34, Find First and Last Position of Element in Sorted Array
About 1 min
I Problem
Given an array of integers nums sorted in non-decreasing order, find the starting and ending position of a given target value.
If target is not found in the array, return [-1, -1].

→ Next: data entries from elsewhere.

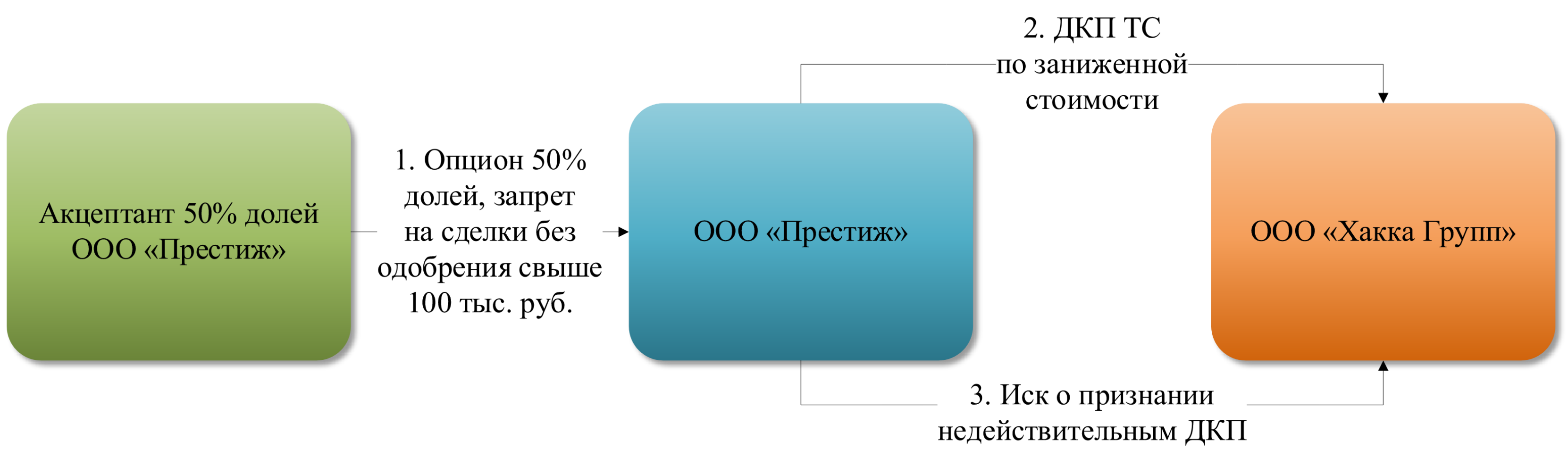 На этом примере хорошо видно, что сам по себе опцион не защищает акцептанта от недобросовестных действий участника общества по выводу активов.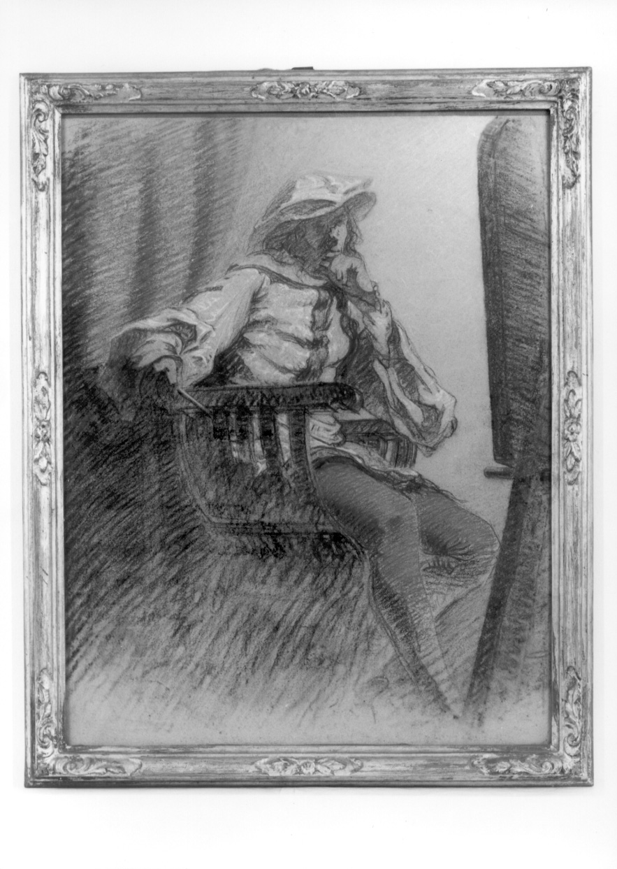 L'uomo è ritratto a figura intera, seduto su un seggiolone pieghevole (del tipo "Savonarola"), con una mano che sostiene il mento con due dita. Il viso è in ombra, delineato con tratti veloci e sommari; sembra guardare verso un cavaletto su cui è appoggiato un quadro centinato, di cui si vede solo il profilo sulla destra della composizione. Indossa abiti medievali: calzamaglia, casacca con larghe maniche, guanti e cappello con tesa larga e morbida. Cornice in legno intagliato e argentato, con motivi fitomorfi lungo gli angoli ed ai centri. Provvisto di vetro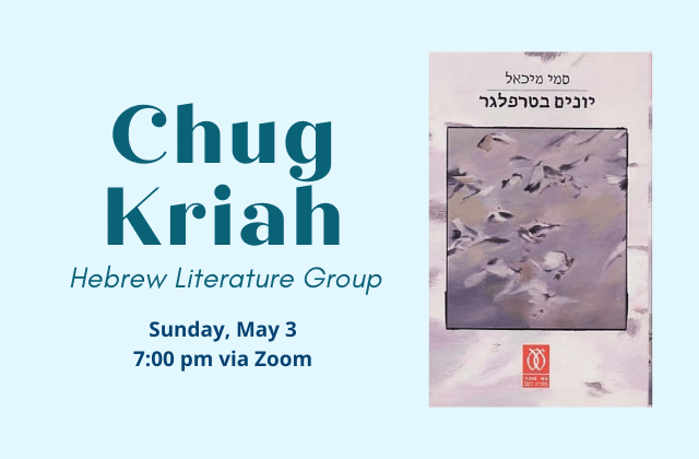 Chug Kriah Featured May 3 at 7:00 pm Chug Kriah meets regularly to read and discuss modern Israeli literature in Hebrew. Our next meeting will be on Sunday, March 22, at 7:00 pm via Zoom. We will complete ...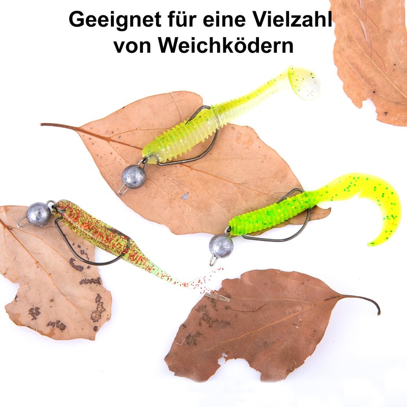 - WIDE SPLIT DESIGN The offset shaft and wide gap of these hooks provide secure grip and allow for easy setting of hooks. Our round jig heads for bass fishing can be combined with various soft plastic baits, allowing you to adapt to changing fishing conditions and preferences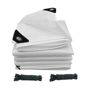 【厚手防水シート】JIANLEI 防水シートはメッシュ繊維強化ロープと PVC 融合を使用しています, 厚さ0.5mm、250g/m2、超抗プル性、抗紫外線性があり、光透過率に影響を与えません。防水シートの四隅には三角形の保護コーナーがあり、1mごとに両側にグロメットがあります,四方にロープが内蔵されており、引っ張りに強く、変形しない,それらは、補強されたエッジ全体に沿って配置されています、吊り下げが簡単で、風に抵抗する性は強いです。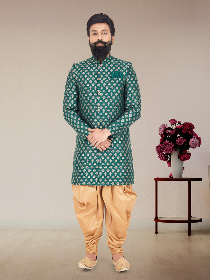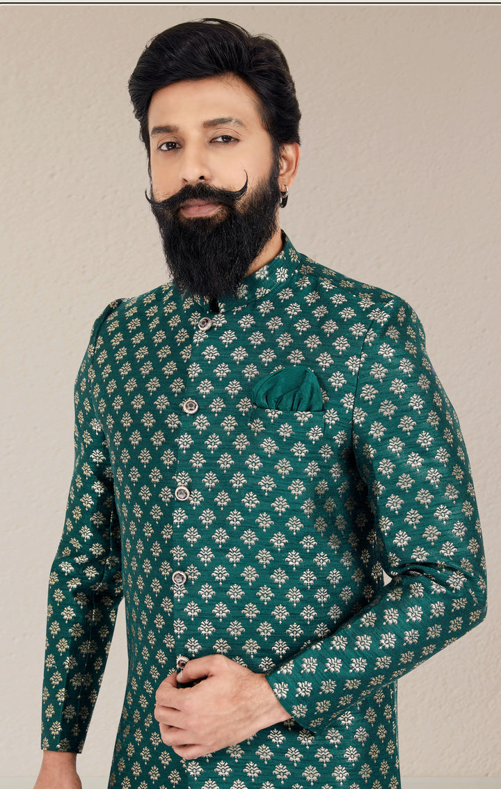 Angasudha Emerald Charm Jodhpuri Set with Golden Dhoti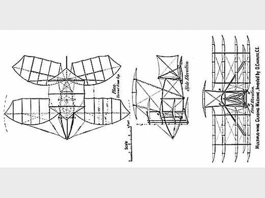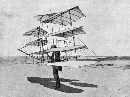 | Histoire résumée | La machine, aussi appelée "Machine à ailes multiples", construite au printemps de 1896 a subi d'importantes modifications durant une première période d'essais (juin 1896), dans les dunes de Miller Beach, sur la rive sud du lac Michigan, près de Chicago. Puis en août, et au même endroit, une nouvelle configuration de la machine fut testée (en parallèle avec deux autres planeurs construits en collaboration avec Augustus HERRING et William AVERY). De nombreuses glissades ont été effectuées, montrant la viabilité du principe de l'aile mobile. | ||||||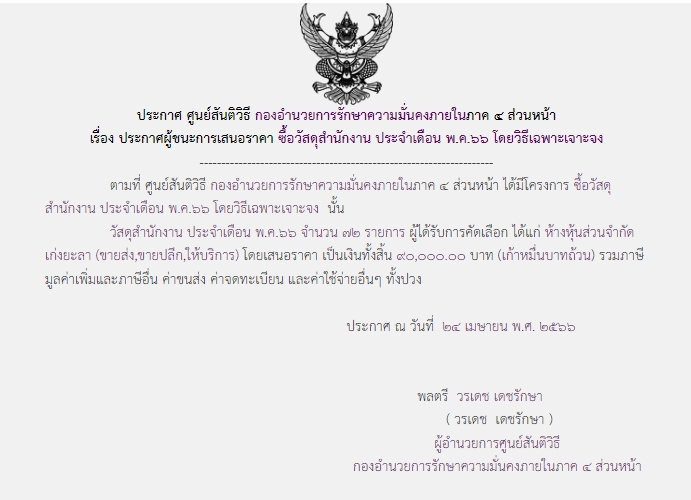 จัดซื้อ จัดจ้างประกาศผู้ชนะการเสนอราคา ประกาศผู้ชนะการเสนอราคา ซื้อวัสดุสำนักงาน ประจำเดือน พ.ค.๖๖ โดยวิธีเฉพาะเจาะจง May 19, 2023 344 Share Facebook Twitter Google+ Telegram LINE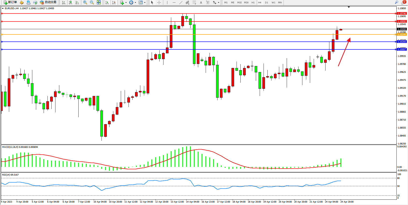欧元美元EURUSD—4小时K线图显示: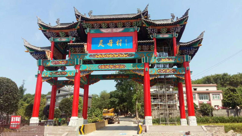 靈丹村牌樓施工后期,合江新聞報道圖片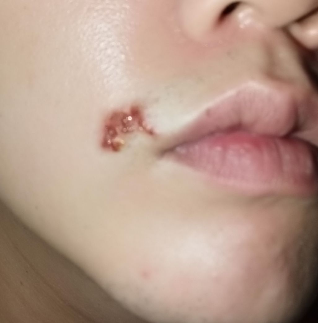 2-3일전 입술 근처에 수포?물집?이 뽀글뽀글 생겼고 현재까지 조금씩 진물이 나오면서 빨갛게 딱지가 졌습니다.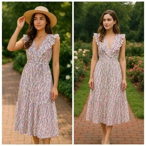 midi dress, v neck dress, ruffle sleeve dress, flowy silhouette, tiered midi, floral midi dress, romantic style, flattering fit, feminine aesthetic
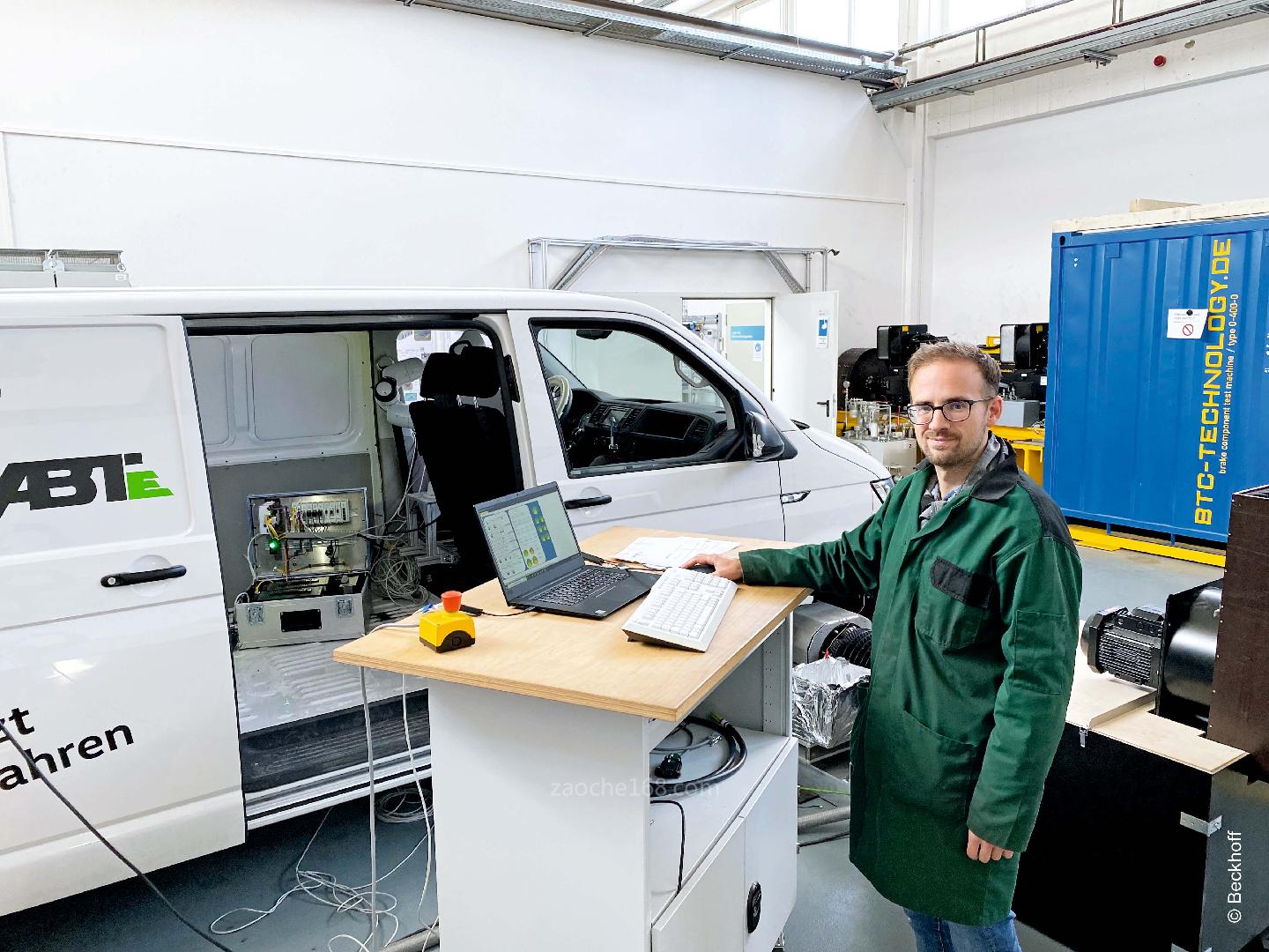 肯普滕应用技术大学的试验台正在测试一辆由 ABT 公司完成电动转型的大众厢式车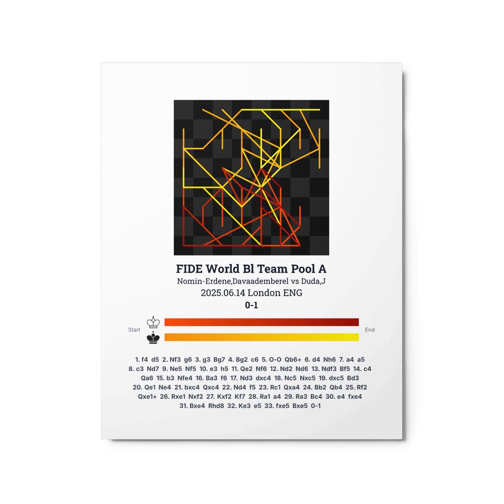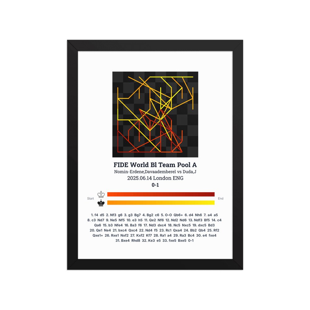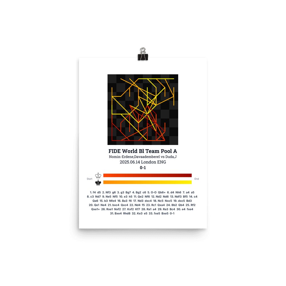 Museum-quality poster on thick, durable matte paper. A sharp, clean look for any chess visualisation.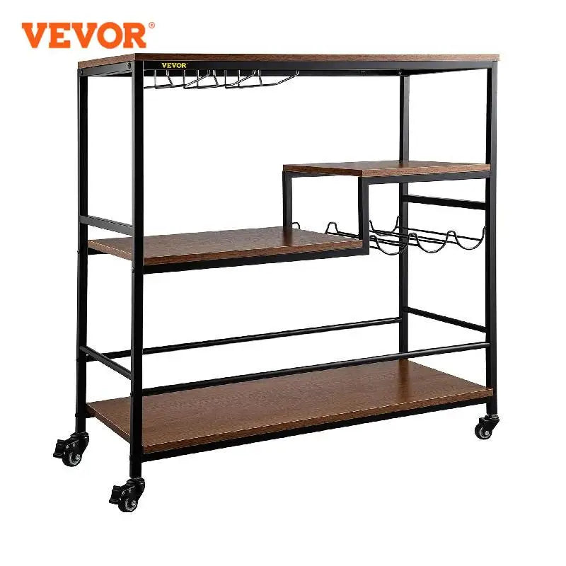 VEVOR-estante para vino de 3 niveles, carrito de servicio con ruedas, cocina comercial, camión de comida, aparador de Buffet, soporte de vidrio para el hogar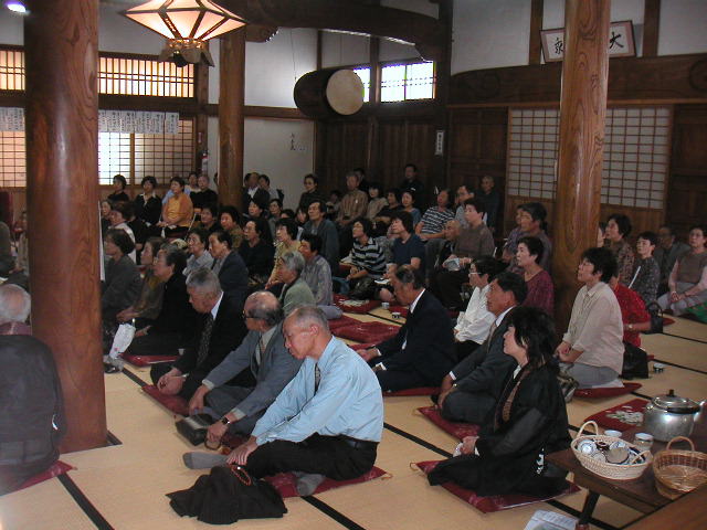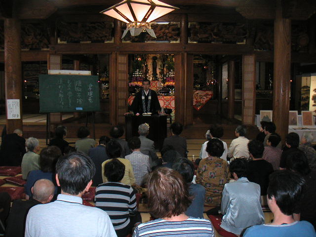 常 讃 寺 報 恩 講 聞 法 2003年10月12日 熱のこもったお話に耳を傾けています。 大谷大学助教授の 一楽 真 さんに来ていただきました。
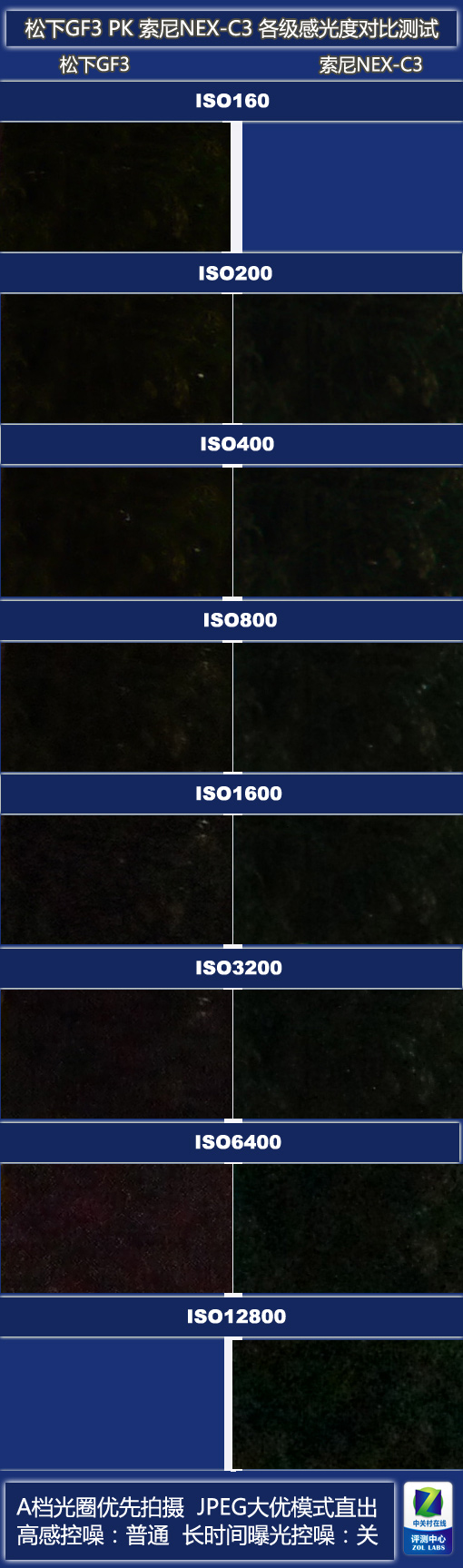在低感ISO400以下时,两台相机对于暗部区域的细节反映还不错。感光度升至ISO400后,松下GF3率先出现细节下降的情况,NEX-C3在ISO800时出现细节损失情况。ISO3200时GF3则开始出现大面积红色噪点区域,而反观NEX-C3随有噪点升高、细节下降的问题,但始终没有较为明显的杂色现象出现。

You must write an algorithm with O(log n) runtime complexity.
Example 1:
Input: nums = [5,7,7,8,8,10], target = 8
Output: [3,4]
Example 2:
Input: nums = [5,7,7,8,8,10], target = 6
Output: [-1,-1]
Example 3:
Input: nums = [], target = 0
Output: [-1,-1]
Constraints:
- 0 <= nums.length <= 10⁵
- -10⁹ <= nums[i] <= 10⁹
- nums is a non-decreasing array
- -10⁹ <= target <= 10⁹
Related Topics
- Array
- Binary Search
II Solution
Approach 1: Binary Search
pub fn search_range(nums: Vec<i32>, target: i32) -> Vec<i32> {
let mut res = vec![-1, -1];
let len = nums.len();
let mut left = 0;
let mut right = len;
while left < right {
let mid = left + (right - left) / 2;
if target < nums[mid] {
right = mid;
} else if nums[mid] < target {
left = mid + 1;
} else {
// num[mid]肯定等于target,往左右两边遍历
let mut prev = mid;
let mut next = mid;
let mut move_prev = false;
let mut move_next = false;
loop {
move_prev = false;
if prev != 0 && nums[prev - 1] == target {
move_prev = true;
prev -= 1;
}
move_next = false;
if next != len - 1 && nums[next + 1] == target {
move_next = true;
next += 1;
}
if !move_prev && !move_next {
break;
}
}
res[0] = prev as i32;
res[1] = next as i32;
break;
}
}
res
}
public int[] searchRange(int[] nums, int target) {
int[] res = new int[] {-1, -1};
int left = 0;
int right = nums.length;
while (left < right) {
int mid = left + (right - left) / 2;
if (target < nums[mid]) {
right = mid;
} else if (nums[mid] < target) {
left = mid + 1;
} else {
int prev = mid;
int next = mid;
boolean move_prev = false;
boolean move_next = false;
while (true) {
move_prev = false;
if (prev != 0 && nums[prev - 1] == target) {
move_prev = true;
prev -= 1;
}
move_next = false;
if (next != nums.length - 1 && nums[next + 1] == target) {
move_next = true;
next += 1;
}
if (!move_prev && !move_next) {
break;
}
}
res[0] = prev;
res[1] = next;
break;
}
}
return res;
}